→ **Exercise data**:
^^^^^^^^^^^^^^^^

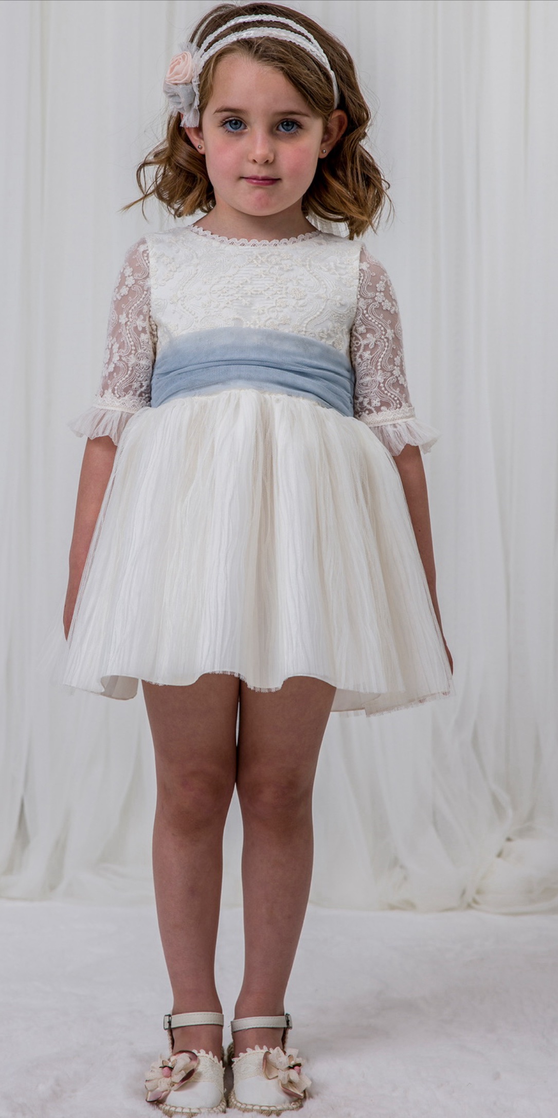 Abito in pizzo con cintura in tulle azzurra.
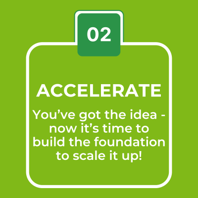 Refine and strengthen your business model. With targeted mentoring and practical workshops, Accelerate helps you to validate your ideas, understand your customers and put strong foundations in place for growth.
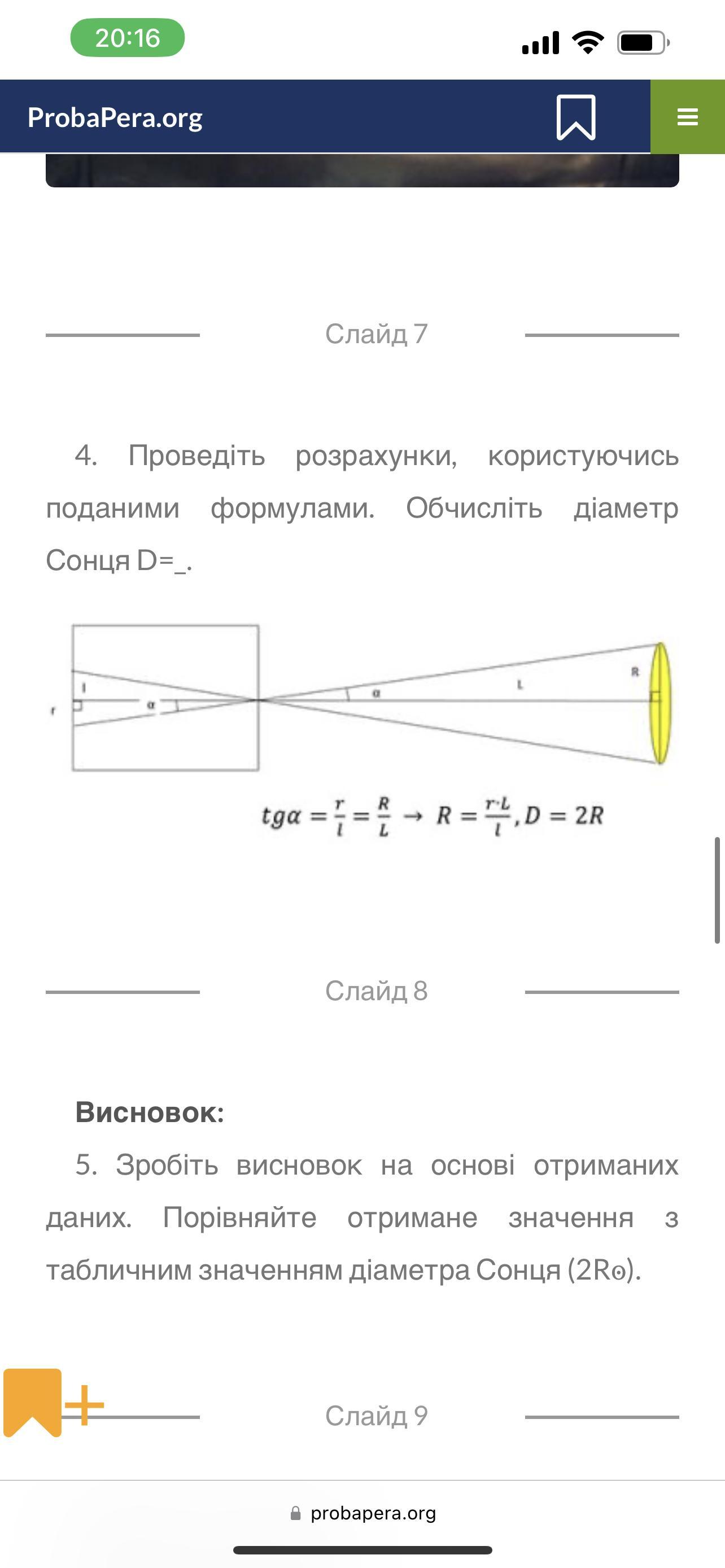 Проведіть розрахунки, користуючись поданими формулами. Обчисліть діаметр Сонця D=_.

^^^^^^^^^^^^^^^^

Print every line of the material exactly as written, but drop the pictures.

→ **Your solution**:
 Abito in pizzo con cintura in tulle azzurra.
 Refine and strengthen your business model. With targeted mentoring and practical workshops, Accelerate helps you to validate your ideas, understand your customers and put strong foundations in place for growth.
 Проведіть розрахунки, користуючись поданими формулами. Обчисліть діаметр Сонця D=_.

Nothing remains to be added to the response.